Why say that? Because in the real world, the mission often gets thrown out the window when something more important happens.  The only time the mission is predominant is during war operations; every soldier knows that their life can be sacrificed for the greater good.  I just don’t having my life sacrificed for a good report on a training exercise.


----------



## Echo9 (3 Apr 2006)

Centurian

Seen.  Emotion aside, your responses aren't that far different from what I said.  The reason that I said "to a point" is exactly for the reason that you highlighted.  Listening is great, just not to the point where your Sgt is writing your PER.

I'm not going to argue the point that there are officers who make really bad decisions, and officers who undermine unit cohesion.  In fact, in both cases when it's an officer doing it, it's many times worse.  That's the reason for my comment on the importance of a sense of judgement- note that terminal means fired, or worse.

I'd also agree with your remark about RMC- notice that most (and the best) CDS' have not come from that small provincial college in Kingston- I think that Boyle was the last who did.  There are some great officers that come from there, but it does seem to instill that careerist instinct in many.

Something also to remember is that Int is a weird trade.  The average Int Cpl is probably smarter than 90% of the army, all ranks, and is involved in situations that most JNCO's are not.  Int O's are also a weird group, and I'd agree that you don't want retreads, but recognize that they need a much different skill set than most officers.


----------



## Centurian1985 (3 Apr 2006)

Thanks Echo 9.

Now that ive had my blast at soldiers inside the org, lets look outside.

When I retired I thought that the quality of managers, surpervisors and other leader was going to improve. After all, its about money, right? To make money you want the best people in the right job, right? Boy was I surprised!

They are on average worse! I had to re-evaluate and found that our average military 'worst managers and leaders" were actually not bad as bosses compared to the average worst in the business world.  

Guess what?

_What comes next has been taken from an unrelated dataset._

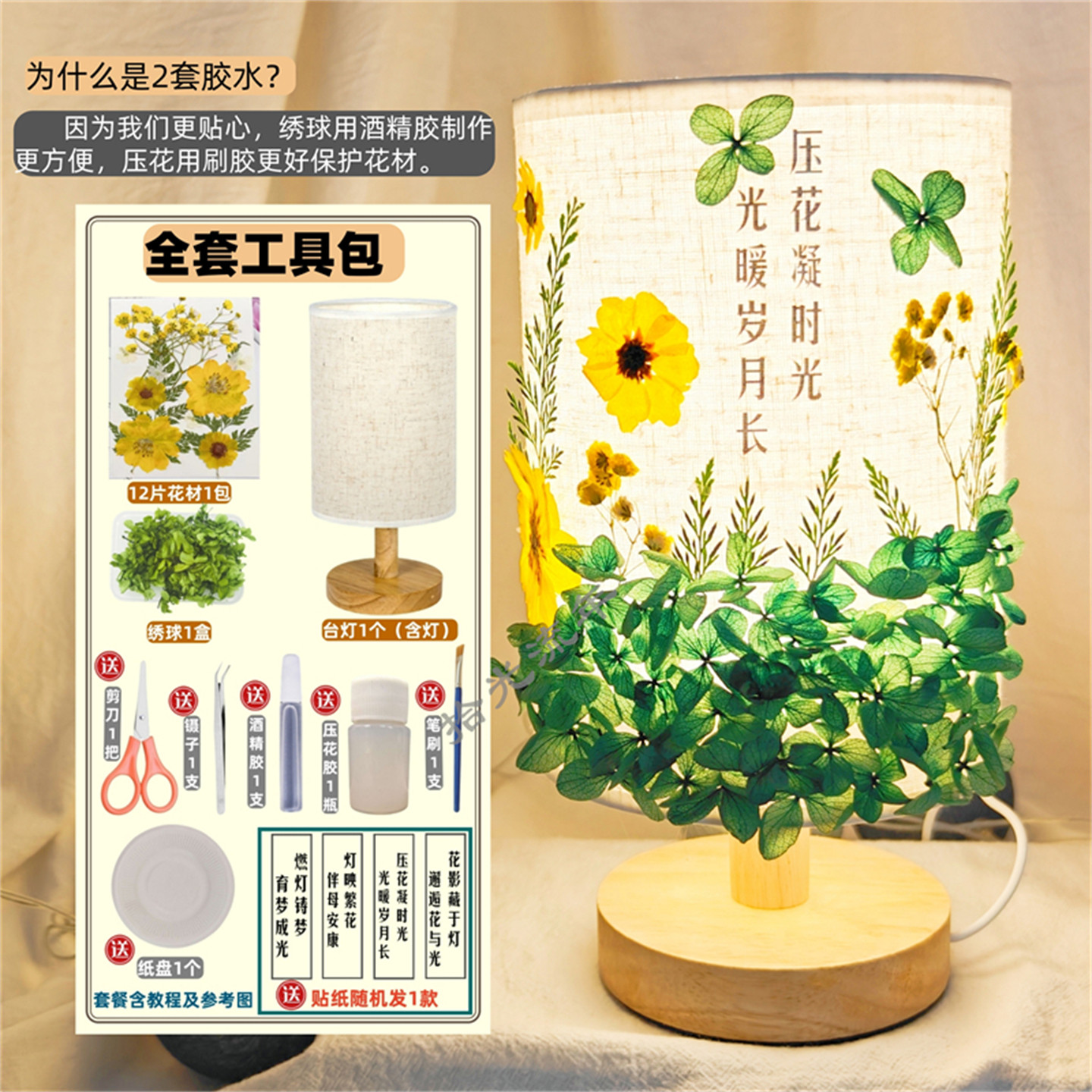 绣球台灯diy材料包三八节压花台灯开学季活动沙龙创意小夜灯摆件

As an HR consultant I currently design and develop training programs to help business managers and otehr workforce leaders to become better managers and leaders! I also coach many business owners on how to improve their company image during recruitment drives! What irony!


----------



## pbi (4 Apr 2006)

Centurian:

Interesting comment, particularly in view of how the military periodically stumbles all over itself (and wastes amounts of public $$$ into the bargain...) by bringing in civilian "experts" in management, performance measurement, etc to tell us how to do things "better". On the occasions that I have dealt with these organizations (as recently as last month) I find that in fact they usually have little of any subtance to offer the military (especially the Army...) and in fact are often peddling recycled versions of techniques and theories that we know and practice under other names. Worse, sometimes their complete unfamiliarity with military organization, culture and imperatives renders them even less useful.

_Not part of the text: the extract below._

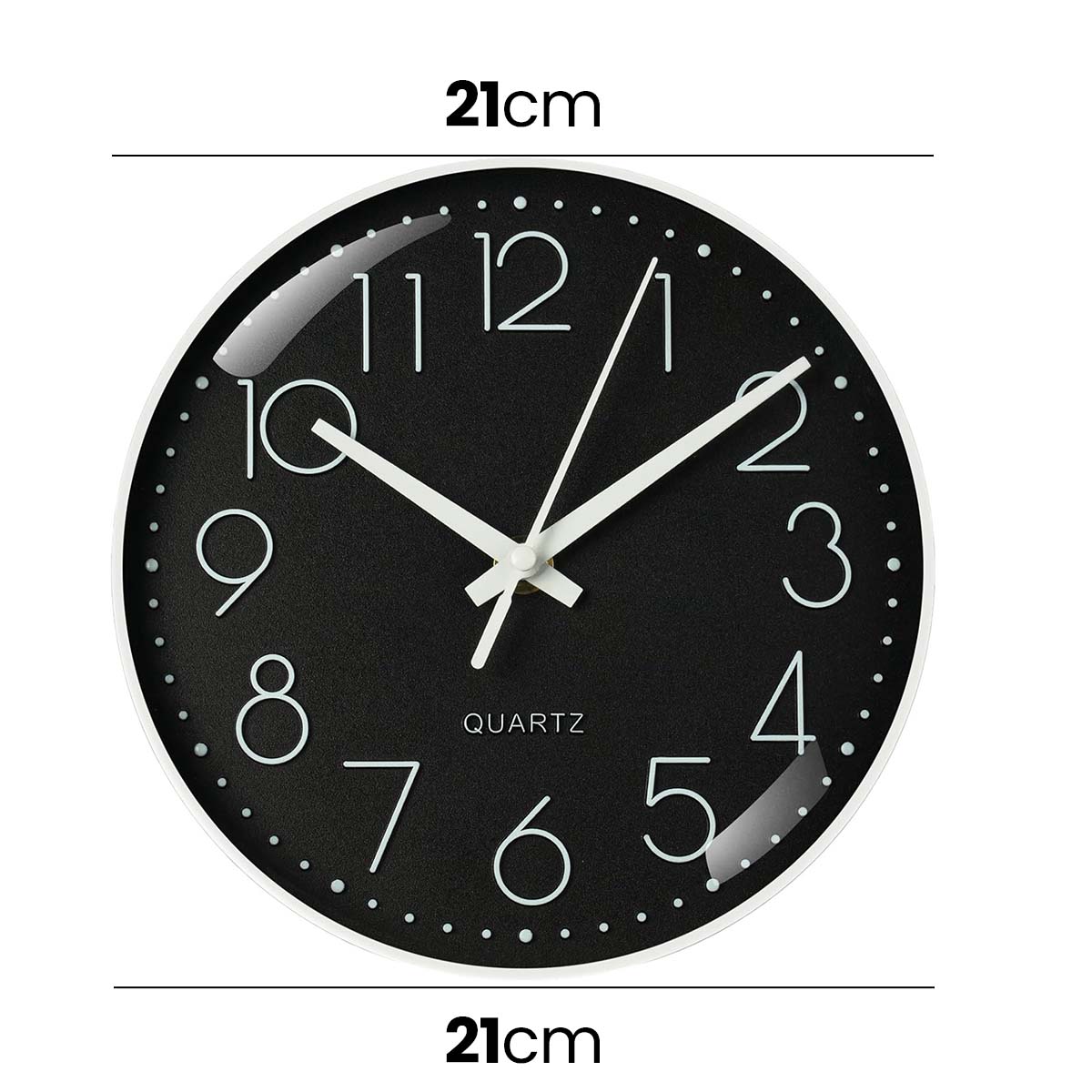 21 cm:n seinäkellossa yhdistyvät moderni tyyli ja tyylikäs muotoilu. Sen musta kellotaulu, hopeiset numerot ja metallinen kehys tuovat tyylikkään lisän mihin tahansa sisustukseen. Hiljainen toiminta, ihanteellinen olohuoneeseen, toimistoon tai makuuhuoneeseen. Nopea ja helppo lukea aika sekunäytön ansiosta.

My (limited) observations of the civilian organizational world (both business and govt) suggest to me that the great majority of people in what we would call "leadership" positions have precious little appreciation of what leadership really is. Perhaps this is why so many civilians hate their jobs, why abssenteeism is so high, or why unions are so strong. Conversely, by exception maybe it explains why some (few) civilian organizations are made up of happy, motivated people who willingly work hard, and would never think twice about organizing into a union. (Stelco and Dofasco, two major steel producers near where I live in Ontario, remind me of the two poles of this argument). Stelco is unionized. Dofasco, next door, is not. I would be willing to bet that good leadership is what makes most of the difference. After all, if we had a military unit that had as many internal problems as some unionized workplaces do, who would we look at firrst? The leadership, right?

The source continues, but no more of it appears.